Illustrasi: Sunan Pakubuwono X (Net)
Pengemis pada awalnya adalah penduduk yang mencari berkah dari Pakubuwono X
Sejarah Pengemis, dari Mencari Berkah hingga Mengemis.
Dalam Kamus Besar Bahasa Indonesia (KBBI) V, kata "pengemis" berarti "orang yang mengemis". Akar kata "kemis" berasal dari -cak, yaitu percakapan untuk menyebut hari Kamis.
"Kemis" memiliki dua makna. Ditulis kemis sebagai kata benda, yang berarti "bertanya". Praktik bertanya ini berasal dari tradisi yang dilakukan pada hari Kamis.
Beberapa sejarah mengidentifikasi diksi "pengemis" yang dihapuskan pada cerita lokal.
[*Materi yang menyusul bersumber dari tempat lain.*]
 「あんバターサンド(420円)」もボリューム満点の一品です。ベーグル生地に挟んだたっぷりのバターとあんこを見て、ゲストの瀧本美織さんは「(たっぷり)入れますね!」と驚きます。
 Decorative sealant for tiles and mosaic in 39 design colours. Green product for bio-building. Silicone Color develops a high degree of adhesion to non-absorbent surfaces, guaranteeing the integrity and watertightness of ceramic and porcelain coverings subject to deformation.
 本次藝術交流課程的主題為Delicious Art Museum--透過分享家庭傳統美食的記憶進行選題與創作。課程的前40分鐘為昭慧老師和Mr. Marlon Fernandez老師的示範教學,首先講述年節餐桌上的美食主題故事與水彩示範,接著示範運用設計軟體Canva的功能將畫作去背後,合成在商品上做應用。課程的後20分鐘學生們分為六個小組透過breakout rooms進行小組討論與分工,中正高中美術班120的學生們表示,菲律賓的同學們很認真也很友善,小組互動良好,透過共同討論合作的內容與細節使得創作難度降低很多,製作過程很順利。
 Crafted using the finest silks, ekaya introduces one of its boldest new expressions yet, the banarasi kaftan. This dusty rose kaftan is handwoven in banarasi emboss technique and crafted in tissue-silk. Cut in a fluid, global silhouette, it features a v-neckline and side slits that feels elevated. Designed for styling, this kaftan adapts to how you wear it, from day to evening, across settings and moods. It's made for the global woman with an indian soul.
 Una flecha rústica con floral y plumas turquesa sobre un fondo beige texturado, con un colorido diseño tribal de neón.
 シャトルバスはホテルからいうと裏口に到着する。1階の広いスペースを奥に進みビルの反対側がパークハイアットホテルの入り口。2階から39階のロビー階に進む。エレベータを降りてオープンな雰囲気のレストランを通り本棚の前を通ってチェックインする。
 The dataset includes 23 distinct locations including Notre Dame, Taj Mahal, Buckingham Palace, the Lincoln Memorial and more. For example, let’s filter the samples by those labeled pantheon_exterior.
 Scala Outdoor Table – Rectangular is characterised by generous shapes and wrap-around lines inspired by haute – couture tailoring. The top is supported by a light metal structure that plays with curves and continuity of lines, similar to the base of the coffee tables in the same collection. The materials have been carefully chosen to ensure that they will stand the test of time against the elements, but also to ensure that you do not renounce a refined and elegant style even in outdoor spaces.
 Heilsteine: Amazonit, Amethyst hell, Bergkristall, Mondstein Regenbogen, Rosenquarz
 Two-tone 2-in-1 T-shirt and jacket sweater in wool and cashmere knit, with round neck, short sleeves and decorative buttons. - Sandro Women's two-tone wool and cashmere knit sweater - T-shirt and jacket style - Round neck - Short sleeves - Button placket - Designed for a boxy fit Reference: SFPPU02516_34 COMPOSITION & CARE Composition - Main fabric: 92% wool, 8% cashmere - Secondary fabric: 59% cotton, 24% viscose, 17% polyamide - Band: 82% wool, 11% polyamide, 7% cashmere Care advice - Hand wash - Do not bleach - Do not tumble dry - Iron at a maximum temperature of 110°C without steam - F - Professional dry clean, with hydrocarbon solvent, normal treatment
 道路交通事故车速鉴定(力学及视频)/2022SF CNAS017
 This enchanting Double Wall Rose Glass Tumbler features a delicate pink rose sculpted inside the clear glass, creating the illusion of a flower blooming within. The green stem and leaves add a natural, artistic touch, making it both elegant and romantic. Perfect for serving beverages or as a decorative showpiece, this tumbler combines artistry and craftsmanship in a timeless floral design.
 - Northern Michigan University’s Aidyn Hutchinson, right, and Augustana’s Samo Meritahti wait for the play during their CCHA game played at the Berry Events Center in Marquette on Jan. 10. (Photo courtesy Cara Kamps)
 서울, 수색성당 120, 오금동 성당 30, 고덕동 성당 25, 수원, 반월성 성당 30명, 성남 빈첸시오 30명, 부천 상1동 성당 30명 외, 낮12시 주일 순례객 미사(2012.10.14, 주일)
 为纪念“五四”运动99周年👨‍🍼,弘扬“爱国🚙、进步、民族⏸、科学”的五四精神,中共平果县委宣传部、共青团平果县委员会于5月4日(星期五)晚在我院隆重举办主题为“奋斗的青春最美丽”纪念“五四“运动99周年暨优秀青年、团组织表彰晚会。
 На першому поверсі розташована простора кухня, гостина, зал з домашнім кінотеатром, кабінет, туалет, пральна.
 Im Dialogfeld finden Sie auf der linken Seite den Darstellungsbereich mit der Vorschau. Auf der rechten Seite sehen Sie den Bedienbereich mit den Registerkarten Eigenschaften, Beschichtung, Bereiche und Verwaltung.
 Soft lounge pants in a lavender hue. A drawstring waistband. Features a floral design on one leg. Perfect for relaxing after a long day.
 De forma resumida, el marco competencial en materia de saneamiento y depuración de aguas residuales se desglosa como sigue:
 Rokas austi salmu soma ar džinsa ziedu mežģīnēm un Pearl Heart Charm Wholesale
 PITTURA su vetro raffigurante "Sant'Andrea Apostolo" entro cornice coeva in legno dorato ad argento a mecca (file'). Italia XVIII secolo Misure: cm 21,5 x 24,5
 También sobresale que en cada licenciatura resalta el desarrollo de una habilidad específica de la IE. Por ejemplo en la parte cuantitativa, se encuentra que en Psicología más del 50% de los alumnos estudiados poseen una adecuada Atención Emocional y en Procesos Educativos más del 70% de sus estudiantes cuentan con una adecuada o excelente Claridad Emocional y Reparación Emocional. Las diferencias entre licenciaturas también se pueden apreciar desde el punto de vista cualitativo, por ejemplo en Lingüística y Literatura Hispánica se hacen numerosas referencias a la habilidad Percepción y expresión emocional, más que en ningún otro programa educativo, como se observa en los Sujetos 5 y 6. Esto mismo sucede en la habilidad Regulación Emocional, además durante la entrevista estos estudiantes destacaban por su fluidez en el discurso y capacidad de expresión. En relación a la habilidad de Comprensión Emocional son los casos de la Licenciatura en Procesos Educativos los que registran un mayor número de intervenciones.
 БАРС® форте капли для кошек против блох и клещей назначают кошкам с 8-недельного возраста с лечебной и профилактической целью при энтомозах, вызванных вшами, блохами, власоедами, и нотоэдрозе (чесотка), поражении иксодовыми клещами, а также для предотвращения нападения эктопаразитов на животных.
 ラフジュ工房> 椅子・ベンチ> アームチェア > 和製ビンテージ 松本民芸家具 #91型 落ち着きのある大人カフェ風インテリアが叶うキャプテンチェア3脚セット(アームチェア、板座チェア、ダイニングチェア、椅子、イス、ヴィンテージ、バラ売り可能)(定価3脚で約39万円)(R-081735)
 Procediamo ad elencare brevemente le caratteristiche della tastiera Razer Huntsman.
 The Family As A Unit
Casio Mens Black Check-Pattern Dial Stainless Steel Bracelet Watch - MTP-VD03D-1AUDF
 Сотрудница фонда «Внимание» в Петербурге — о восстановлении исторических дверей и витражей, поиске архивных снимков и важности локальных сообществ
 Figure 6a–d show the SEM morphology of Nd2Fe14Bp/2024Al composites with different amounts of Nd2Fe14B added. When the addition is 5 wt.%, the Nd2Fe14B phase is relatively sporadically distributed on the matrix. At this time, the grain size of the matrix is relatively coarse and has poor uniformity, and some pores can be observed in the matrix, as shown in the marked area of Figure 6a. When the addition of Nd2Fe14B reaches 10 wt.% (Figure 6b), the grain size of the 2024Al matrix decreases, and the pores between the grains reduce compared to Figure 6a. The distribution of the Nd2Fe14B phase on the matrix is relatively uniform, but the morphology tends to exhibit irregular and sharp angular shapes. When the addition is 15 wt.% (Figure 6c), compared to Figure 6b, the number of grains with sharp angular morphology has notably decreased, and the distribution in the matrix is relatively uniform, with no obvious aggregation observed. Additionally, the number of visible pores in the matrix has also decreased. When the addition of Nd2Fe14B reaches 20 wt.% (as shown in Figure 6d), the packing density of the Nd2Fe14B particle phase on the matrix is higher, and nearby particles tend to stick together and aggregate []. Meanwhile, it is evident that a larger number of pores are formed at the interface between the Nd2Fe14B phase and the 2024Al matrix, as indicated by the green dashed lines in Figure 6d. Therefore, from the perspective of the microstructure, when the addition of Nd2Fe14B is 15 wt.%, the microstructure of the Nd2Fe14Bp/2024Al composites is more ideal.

Ini adalah semacam warisan budaya yang dimuseumkan dalam bentuk kata-kata.
Tradisi Kemisan: Asal Usul Kemis
Bentuk cerita lokal yang menelusuri kata "kemis" dapat ditelusuri kembali ke masa ketika Sunan Pakubuwono X memimpin Kasunanan Surakarta Hadiningrat.
Pada tanggal 25 Januari 1855, surat kabar berbahasa Jawa pertama di Hindia Belanda pertama kali memuat beritanya. Namanya adalah Bromartani, surat kabar mingguan yang terbit setiap hari Kamis (seminggu sekali).
Surat kabar ini cukup khas dan unik. Dalam setiap penulisan beritanya, kromo inggil digunakan sebagai bahasa utamanya. Bahasa ini merupakan tingkatan tertinggi dalam strata bahasa dalam budaya Jawa.
Salah satu sastrawan yang tekun mengirimkan naskah-naskahnya ke Bromartini adalah pujangga Sunan Ronggowarsito.
Bersandar pada Sang Raja: Pengemis dalam Narasi Sedekah Paku Buwono X 1893-1939 (2020) Menyebutkan bahwa kata “kemis” pertama kali muncul dalam surat kabar Bromartani pada tahun 1895. Istilah ini digunakan oleh Raden Samingoen Nitiprodjo, seorang wartawan Bromartani yang gemar meliput (*)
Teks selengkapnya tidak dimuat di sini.